The Ardens had gone back to the Castle, and Dickie with them, and old Beale was smoking in his usual chair by his front door—so there was no one to hear Beale's compliment to his bride. He came behind her and put his arm round her as she was dusting the mantelpiece. "Go on with you," said the new Mrs. Beale; "any one 'ud think we was courting."

"So we be," said Beale, and kissed 'Melia for the first time. "We got all our courtin' to do now. See? I might a-picked an' choosed," he added reflectively, "but there—I dare say I might a-done worse."

'Melia blushed with pleasure at the compliment, and went on with the dusting.

* * * * *

It was as the Ardens walked home over the short turf that Lord Arden said to his sister, "I wish all the cottages about here were like Beale's. It didn't cost so very much. If I could only buy back the rest of the land, I'd show some people what a model village is like. Only I can't buy it back. He wants far more than we can think of managing."

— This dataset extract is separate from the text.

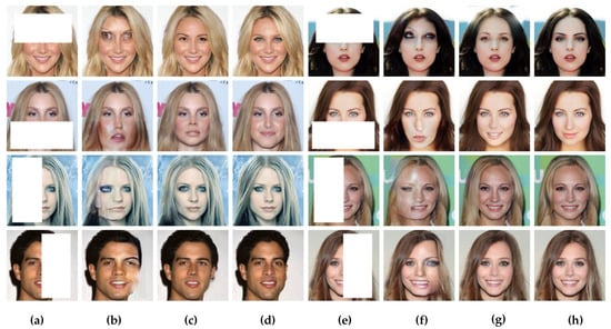 The second type of experiment describes the inpaint of face images by combining different types of loss functions. The experimental results of two groups are shown in Figure 5. The amazing inpainting results can be clearly seen, and are obtained through the combination of various loss functions (as shown in Figure 5g). After generating high-resolution face images by using various loss functions, the generated images must be processed to complete the entire inpainting work. A simple processing method is to directly paste the to-be-repaired area corresponding to the generated image into the to-be-repaired image. This processing method can cause boundary marks to appear in the final inpainting results. In experiments, we process the inpainting boundary via Poisson mixing [] to make the boundary of the final inpainting results more natural (Figure 5h).

And Dickie heard what he said. That was why, when next he was alone with his cousins, he began—

"Look here—you aren't allowed to use your magic any more, to go and look for the treasure. But I am. And I vote we go and look for it. And then your father can buy back the old lands, and build the new cottages and mend up Arden Castle, and make it like it used to be."

"Oh, let's," said Elfrida, with enthusiasm. But Edred unexpectedly answered, "I don't know." The three children were sitting in the window of the gate-tower looking down on the green turf of the Castle yard.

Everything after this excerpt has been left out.